New York lawmakers Tuesday evening passed legislation during an extraordinary session that allows the New York Municipal Bond Bank Agency to sell recovery zone economic development bonds and Build America Bonds in a pooled issuance to generate lower borrowing costs for local governments and municipalities.

While the Legislature approved the borrowing measure, it did not act on Gov. David Paterson’s plan to help close the state’s fiscal 2010 budget deficit of $3 billion. Fiscal 2010 began April 1.

The governor said he would again call the Assembly and the Senate back into extraordinary session on Monday and Tuesday to tackle the state’s current budget issues.

The bonding legislation, S.66002, creates a borrowing structure in which various local governments will issue general obligation bonds that the MBBA will purchase with bond proceeds that it receives from selling RZEDBs and BABs via negotiation at the same time.

The pooled transaction involves counties and municipalities passing on their RZEDB bonding capacity and BAB authority to the MBBA, according to George Graham, spokesman for the MBBA.

“For federal tax reasons we’re going to get an assignment of their allocation and BAB authority,” Graham said. “So we will technically be the issuer. We will get the subsidy, which we will set up to immediately transfer to the local government through the trustee.”

RZEDBs and BABs are taxable securities created under the American Recovery and Reinvestment Act.

With RZEDBs, the federal government gives borrowers a 45% subsidy on interest costs. Issuers of BABs receive a 35% subsidy on interest costs.

“Most of the borrowers will be [allocating] to us a combination of RZEDBs, BABs, and tax-exempt bonds,” Graham said. “They’ll be trying to use as much of the RZEDB allocation as possible because that’s the most cost effective, but in many cases it’s not quite sufficient to fund projects.”

Officials anticipate a roughly $200 million bond sale before the end of the year, with three or four additional transactions in 2010, Graham said.

Jefferies & Co. has been working with the MBBA in structuring the deal. Orrick, Herrington & Sutcliffe LLP  is bond counsel.

In a pooled transaction, local governments can save on borrowing costs and a larger deal may help attract lower rates in the taxable market.

“It’s a very important bill for counties, municipalities, townships, and cities in that it allows the MBBA to act as an agent on their behalf and allows the MBBA to pool the bonds to save the municipalities economies of scale and considerable money in regard to interest rates,” said Assemblyman Sam Hoyt, D-Buffalo, sponsor of the bill.

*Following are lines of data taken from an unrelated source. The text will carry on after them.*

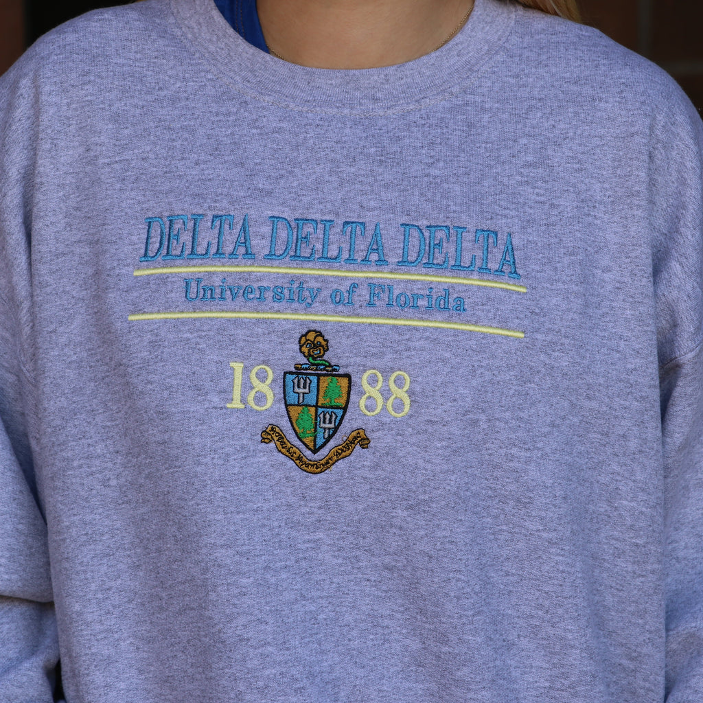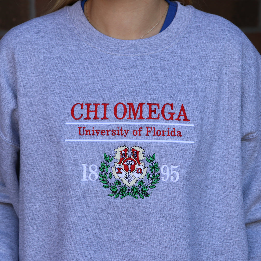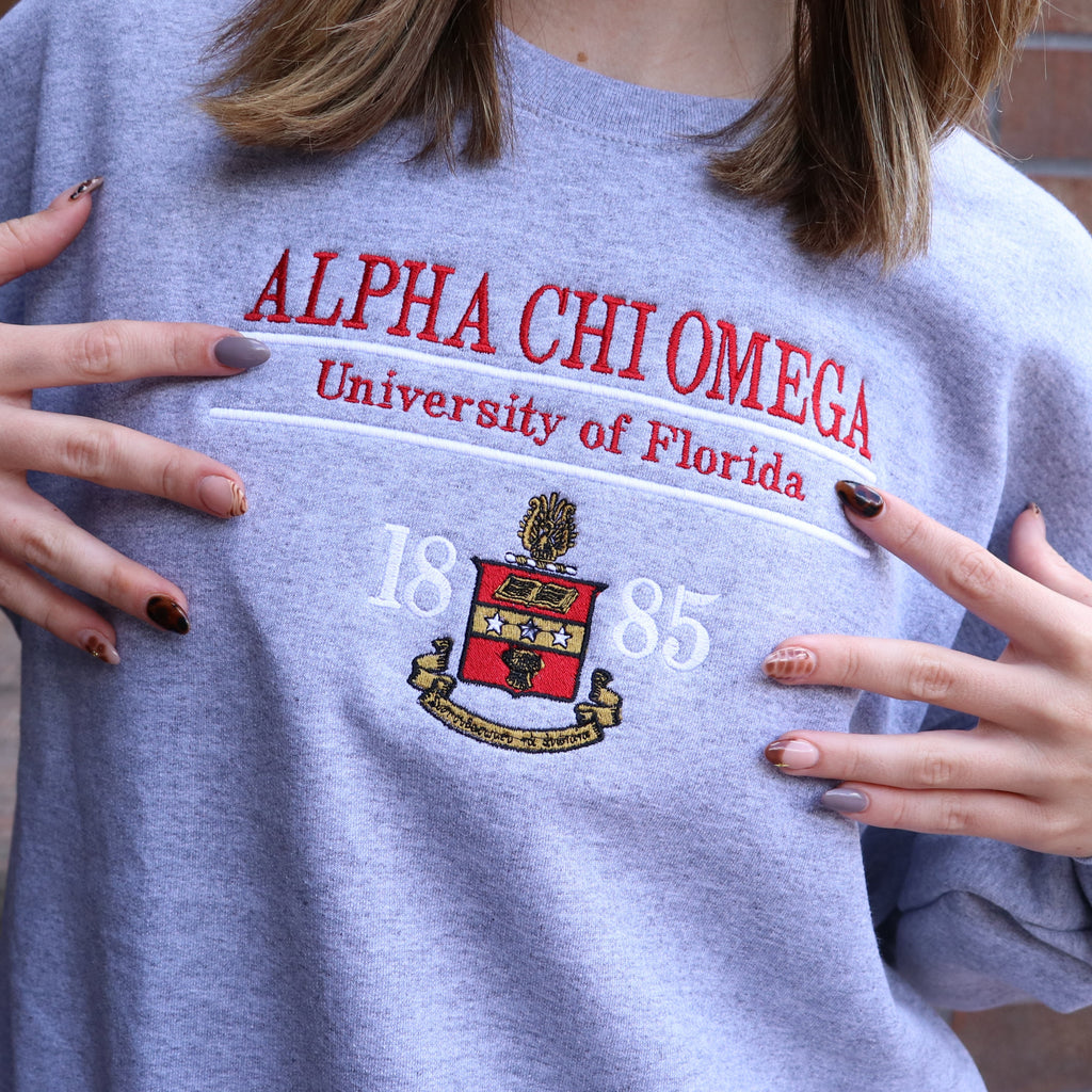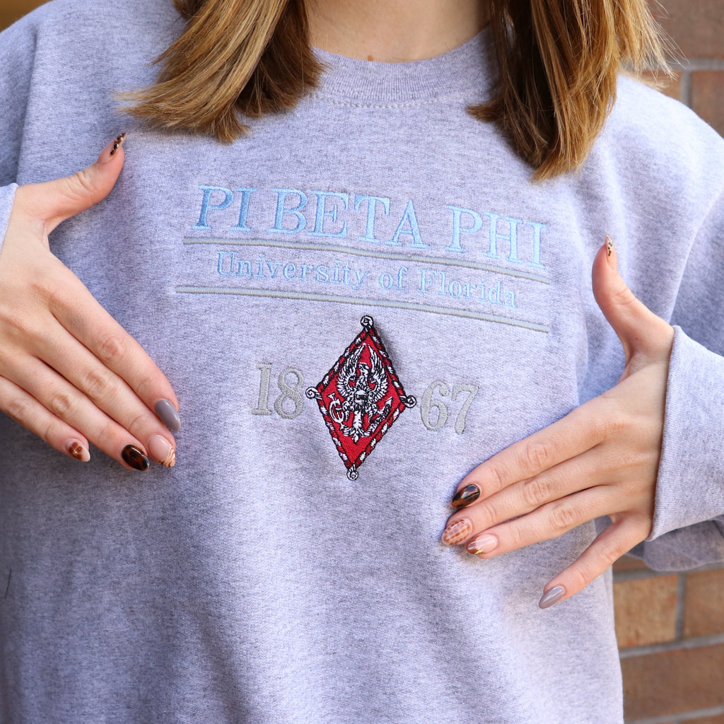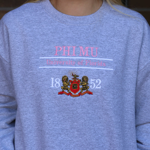 The Heritage crewneck showcases your sorority crest and school with an all embroidered front design.
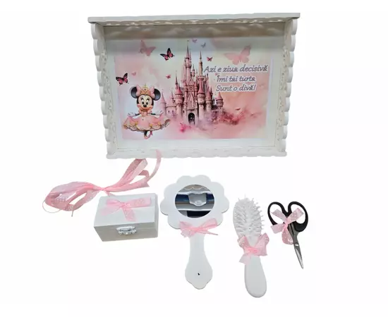 Taierea motului/ Turta este o traditie frumoasa si îndrăgita la noi în țară și practicat în mai toate familiile, reprezentând un prilej de bucurie și sărbătoare. Va propunem un set complet care imbina toate elementele de care nasii si parintii bebelusului au nevoie pentru taierea motului.
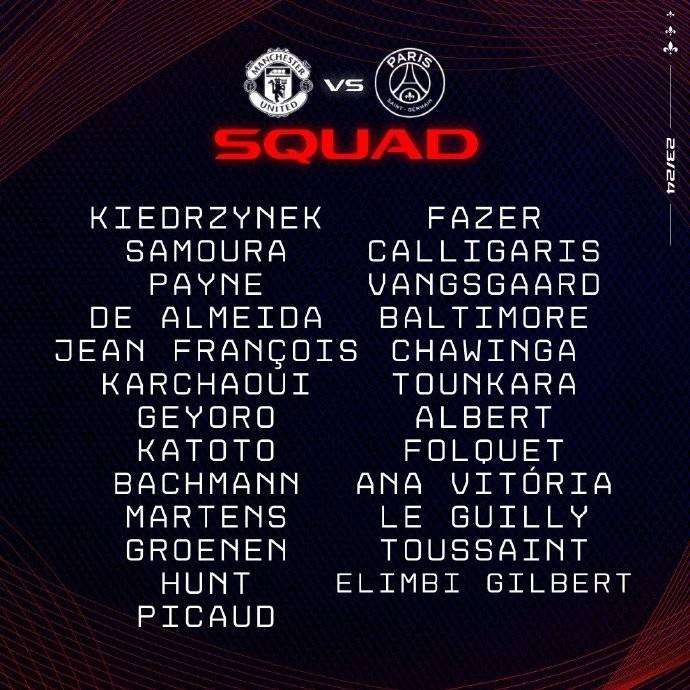 巴黎女足vs曼联女足欧冠大名单公布:卡托托领衔豪华锋线
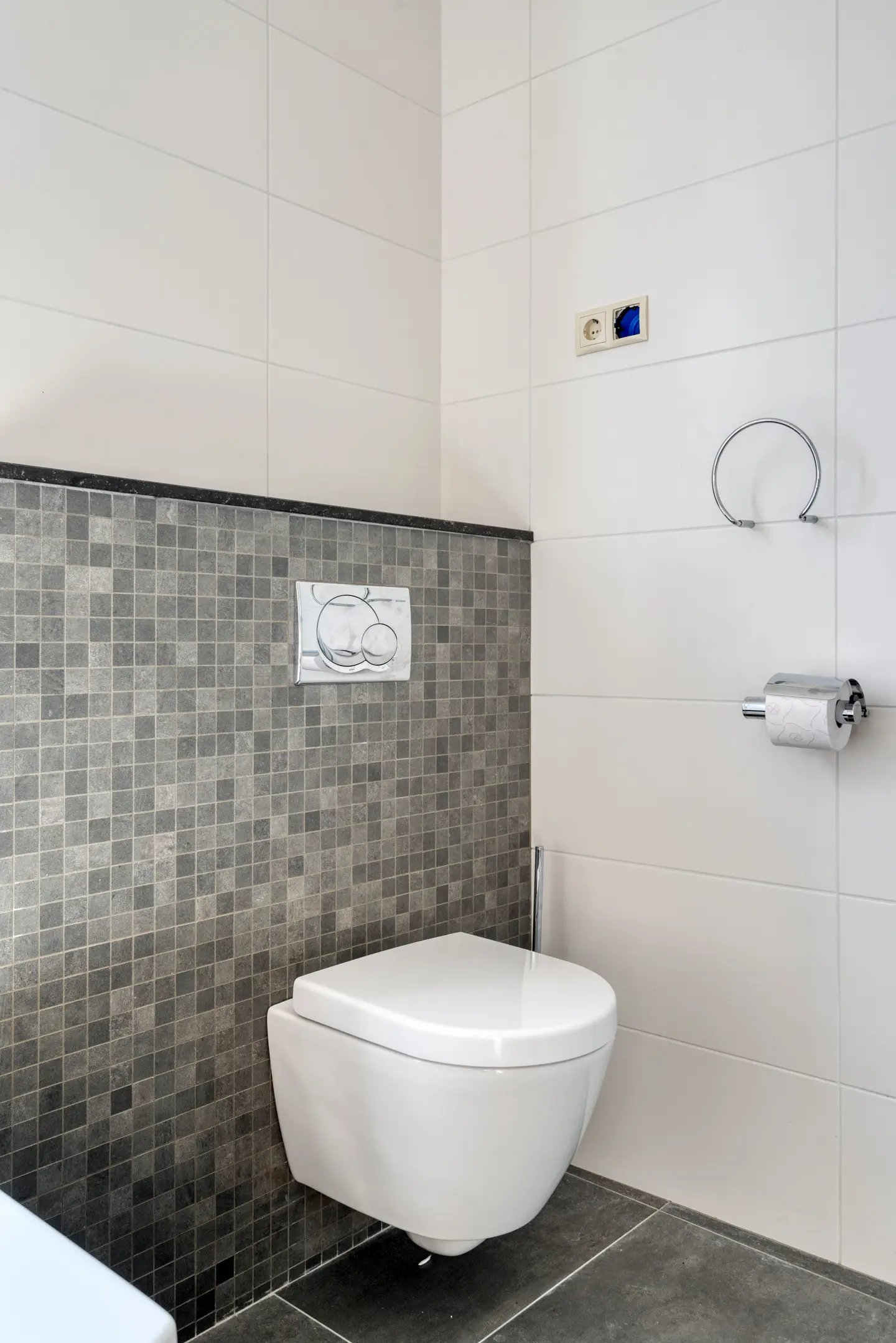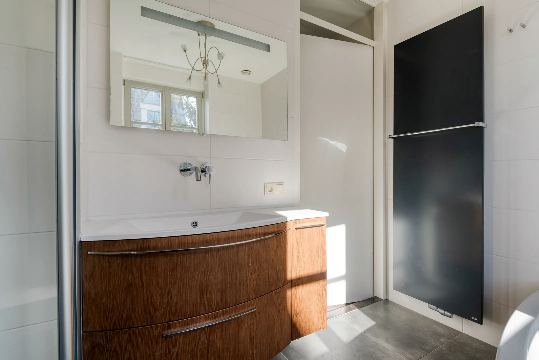 Moderne badkamer voorzien van een ligbad, wastafel met wastafelmeubel, hangtoilet en een douche. De badkamer is goed onderhouden en netjes verzorgd.

“In addition, the MBBA is a very experienced and savvy entity when it comes to selling bonds and it gives some of these smaller municipalities that don’t necessarily have that experience the technical assistance that they otherwise wouldn’t have,” he said.

Since New York’s various counties and municipalities have a range of different ratings, Graham said the transaction would include separate tranches to separate higher-rated entities from lower-rated municipalities.

“In order to make the borrowing cost-effective for a local government that’s triple-A rated, we would need to be able to sell bonds in that category,” he said. “So, we’re looking at establishing tranches based on rating.”

The MBBA already has the ability to intercept state aid from local governments that default on debt. The bill also provides the state comptroller to direct a municipality’s sales tax receipts and-or real estate transfer tax revenue to the MBBA in the event of a default.

The bill also includes mandate relief for local governments with the aim of reducing property taxes.